The Law Commission’s report on bail law reforms deserves urgent attention

May 25, 2017 10:49 pm | Updated May 26, 2017 12:00 am IST

That bail is the norm and jail the exception is a principle that is limited in its application to the affluent, the powerful and the influential. The Law Commission, in its 268th Report, highlights this problem once again by remarking that it has become the norm for the rich and powerful to get bail with ease, while others languish in prison. While making recommendations to make it easier for all those awaiting trial to obtain bail, the Commission, headed by former Supreme Court judge B.S. Chauhan, grimly observes that “the existing system of bail in India is inadequate and inefficient to accomplish its purpose.” One of the first duties of those administering criminal justice must be that bail practices are “fair and evidence-based”. “Decisions about custody or release should not be influenced to the detriment of the person accused of an offence by factors such as gender, race, ethnicity, financial conditions or social status,” the report says.
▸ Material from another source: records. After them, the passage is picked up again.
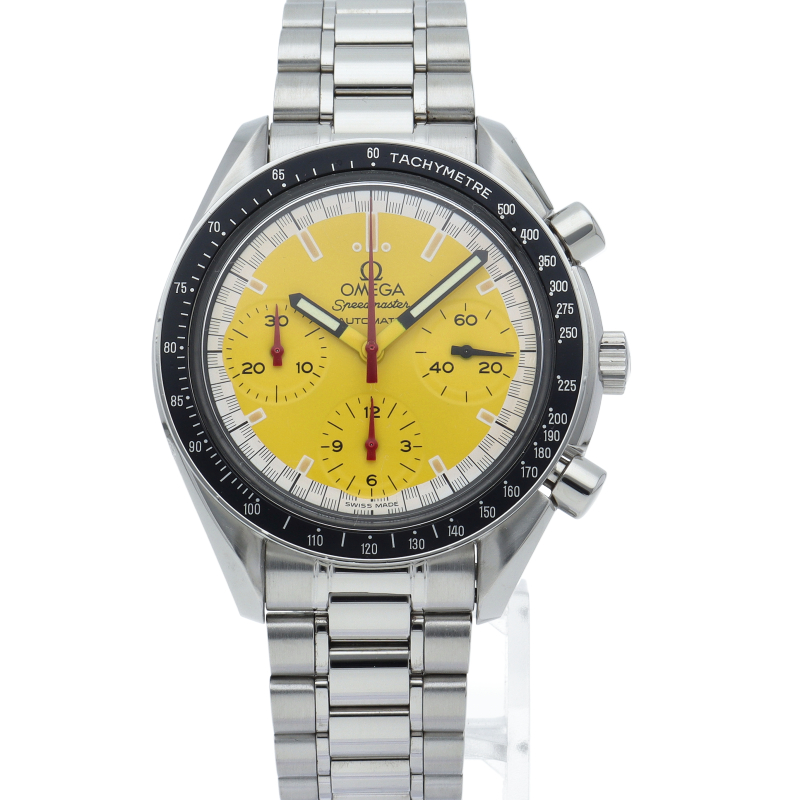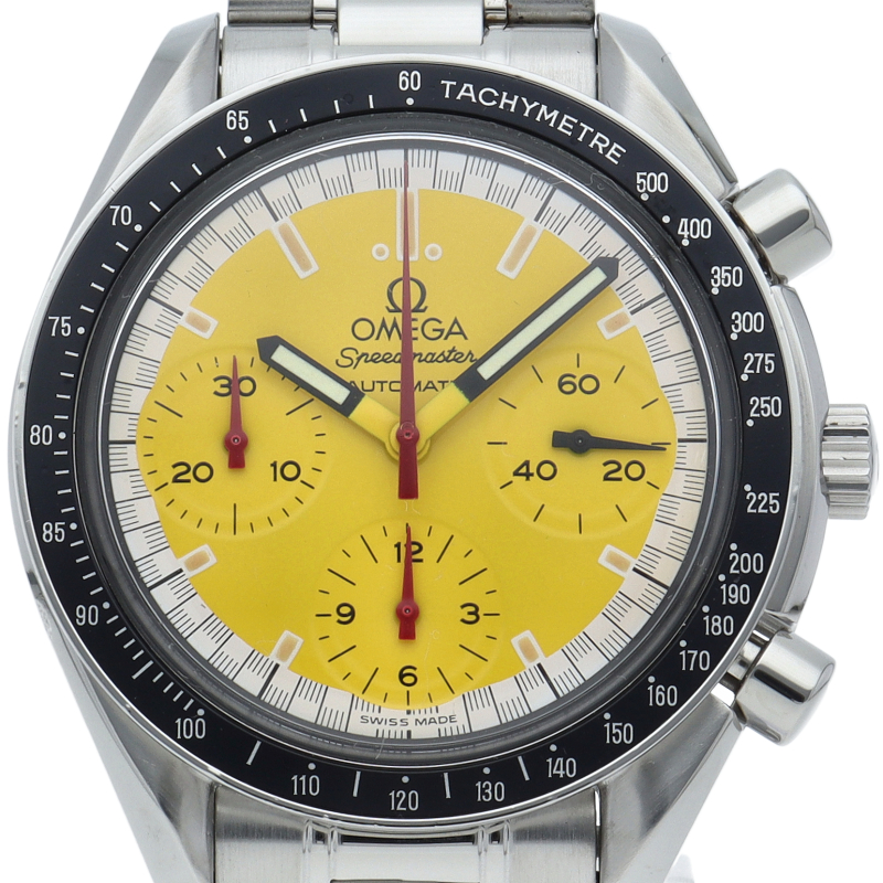 オメガでファンであったF1ドライバー、ミハエル・シューマッハと広告契約を結んだことを記念して製作されたモデル。文字盤の外周部はチェッカーフラッグをイメージしたデザインになっています。
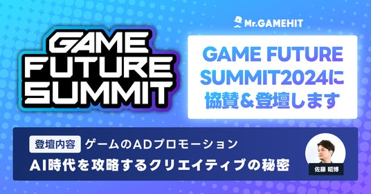 ゲーム業界に特化した動画制作・広告運用サービス「Mr.GAMEHIT(ミスターゲームヒット)」(https://mrgamehit.com/)を提供する株式会社メイラボ(本社:東京都港区、代表取締役:佐藤 真一)は、ゲーム業界のマーケティングやプロデュースに特化した大型リアルカンファレンス『GAME FUTURE SUMMIT 2024』に協賛しましたことをお知らせいたします。
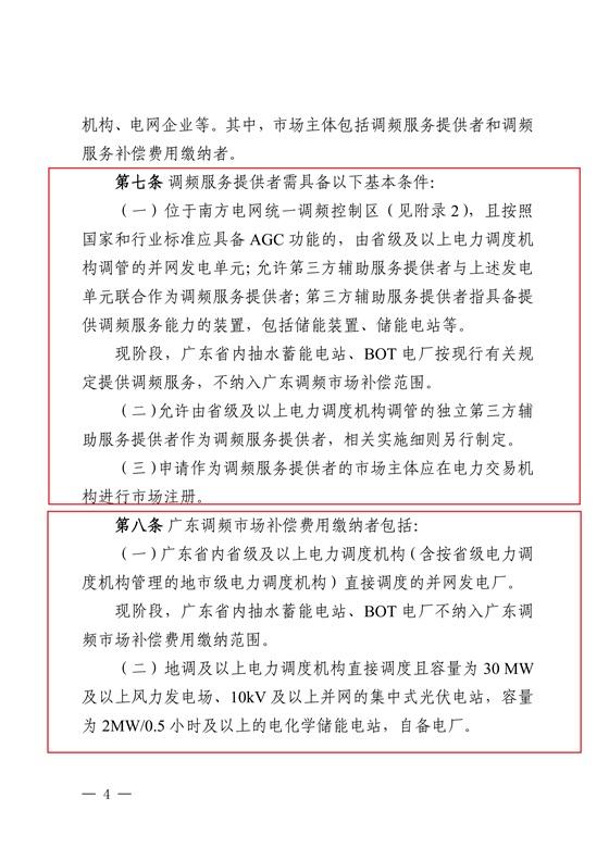 規(guī)則中指出第三方輔助服務(wù)提供者指具備提供調(diào)頻服務(wù)能力的裝置,包括儲能裝置、儲能電站等;容量為2MW/0.5小時及以上的電化學儲能電站是廣東調(diào)頻市場補償費用繳納者之一。
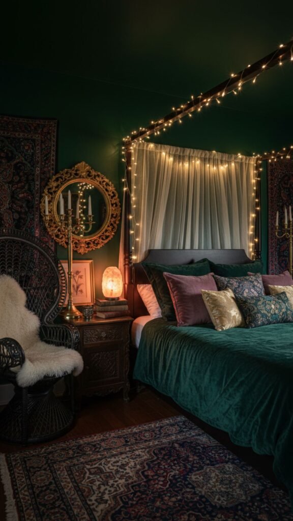 Boho doesn’t always have to be light and airy. This darker, moodier version uses jewel tones and shadows to create a romantic vibe.
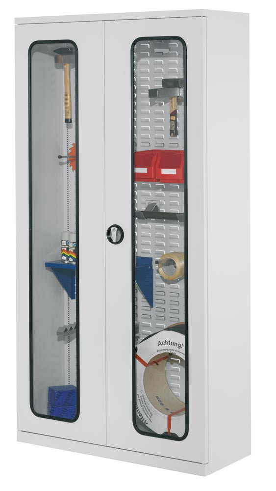 Systemschrank mit Schlitzplatten-Rückwand, Türen mit Sichtfenster, BxTxH 1000x410x1950 mm, RAL 7035 lichtgrau
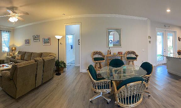 This home is a MUST SEE in beautiful Indialantic, Florida! At just four years old, the home has been ''gently'' used by one part-time resident so it is in 'like new' condition. Walk or bike to the beach AND the river. NO HOA! With 1,879 square feet of indoor living space, the home has an open floor plan and a split bedroom plan with the Master bedroom/En Suite bath on one side and two additional bedrooms sharing a second bathroom off the family room. A fourth room off the front entry and kitchen can serve as a formal dining room or a home office. It also includes a beautiful indoor laundry room with cabinet storage, a utility sink, and a countertop for folding clothes. The two-car garage is oversized with 569 square feet, providing ample space on the right and left for shelving.
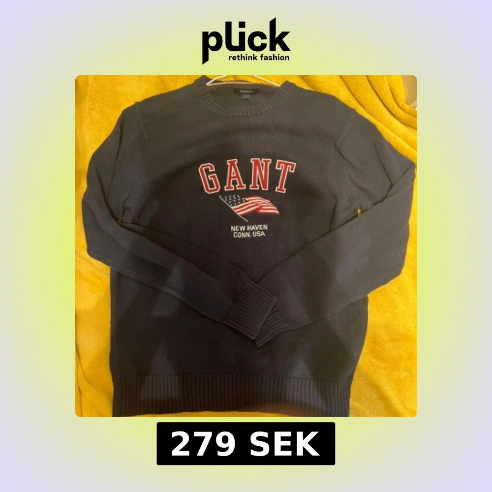 Säljer denna sjukt snygga mörkblåa stickade tröjan från GANT med text och amerikansk flagga på framsidan. Tröjan har långa ärmar och ribbstickade muddar vid ärmslut och nederkant. Perfekt för en avslappnad stil.
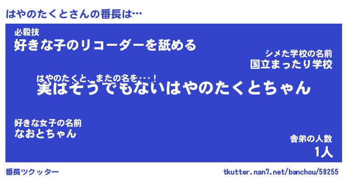 | ピコ太郎風あだ名 | 『ハコ三郎』『ピハ四郎』『ハヤ十郎』 |
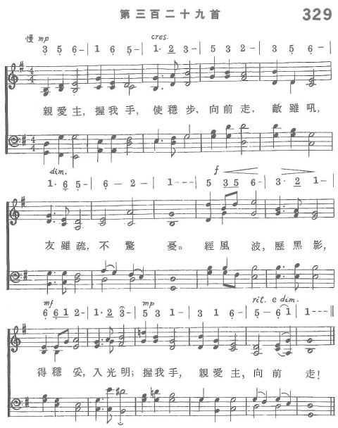 一 親愛主,握我手,使穩步,向前走, 敵雖吼,友雖疏,不驚憂。 經風波,歷黑影,得穩妥,入光明; 握我手,親愛主,向前走!

The main reason that 67% of the current prison population is made up of undertrials is the great inconsistency in the grant of bail. Even when given bail, most are unable to meet the onerous financial conditions to avail it. The Supreme Court had noticed this in the past, and bemoaned the fact that poverty appears to be the main reason for the incarceration of many prisoners, as they are unable to afford bail bonds or provide sureties. The Commission’s report recommending a set of significant changes to the law on bail deserves urgent attention.
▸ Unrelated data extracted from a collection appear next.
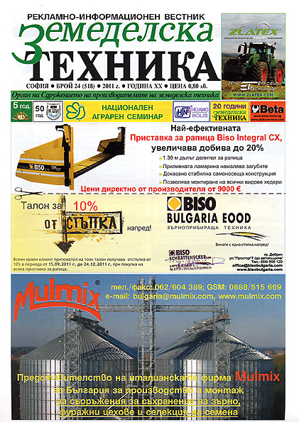 Публикувани са реклами на водещи фирми предлагащи машини, технологии, и продукти за земеделието и за животновъдството.
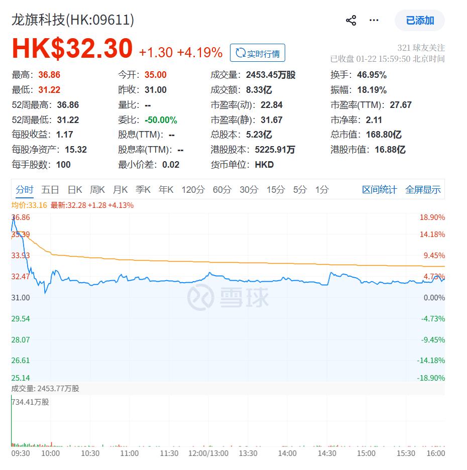 上市首日,龙旗科技开盘价为35港元/股,截至今日收盘,龙旗科技股价报32.30港元/股,较发行价涨4.19%,总市值168.8亿港元。
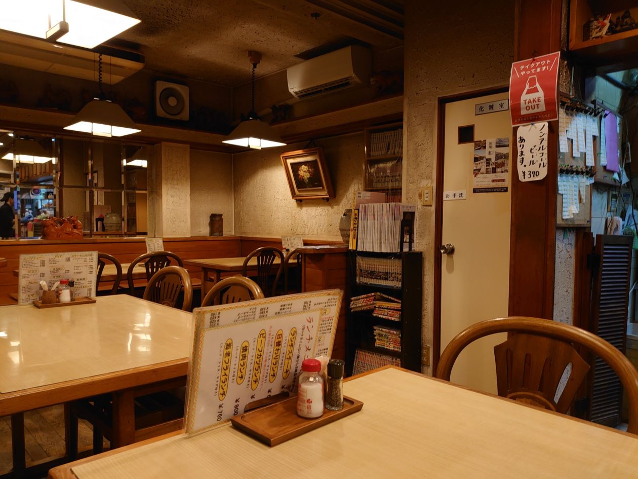 いつもの感じで2人掛けの席に着いたところ、「いいよ、広い机をつかいなよ」とおじさんに勧められて4人掛けに移らせて頂きました。
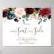 Komplettera din rustika bröllopshändelse med denna lyxiga klassiska välj en plats inte en sida-affisch. Designen har vackra handmålade rosa, blush, blå, marinblå och burgunderfärgade blommor med gröna blad, snyggt grupperade i eleganta buketter för att pryda dina bröllopskort.

The Commission seeks to improve on a provision introduced in 2005 to grant relief to thousands of prisoners languishing without trial and to decongest India’s overcrowded prisons. Section 436A of the Code of Criminal Procedure stipulates that a prisoner shall be released on bail on personal bond if he or she has undergone detention of half the maximum period of imprisonment specified for that offence. The Law Commission recommends that those detained for an offence that would attract up to seven years’ imprisonment be released on completing one-third of that period, and those charged with offences attracting a longer jail term, after they complete half of that period. For those who had spent the whole period as undertrials, the period undergone may be considered for remission. In general terms, the Commission cautions the police against needless arrests and magistrates against mechanical remand orders. It gives an illustrative list of conditions that could be imposed in lieu of sureties or financial bonds. It advocates the need to impose the “least restrictive conditions”. However, as the report warns, bail law reform is not the panacea for all problems of the criminal justice system. Be it overcrowded prisons or unjust incarceration of the poor, the solution lies in expediting the trial process. For, in our justice system, delay remains the primary source of injustice.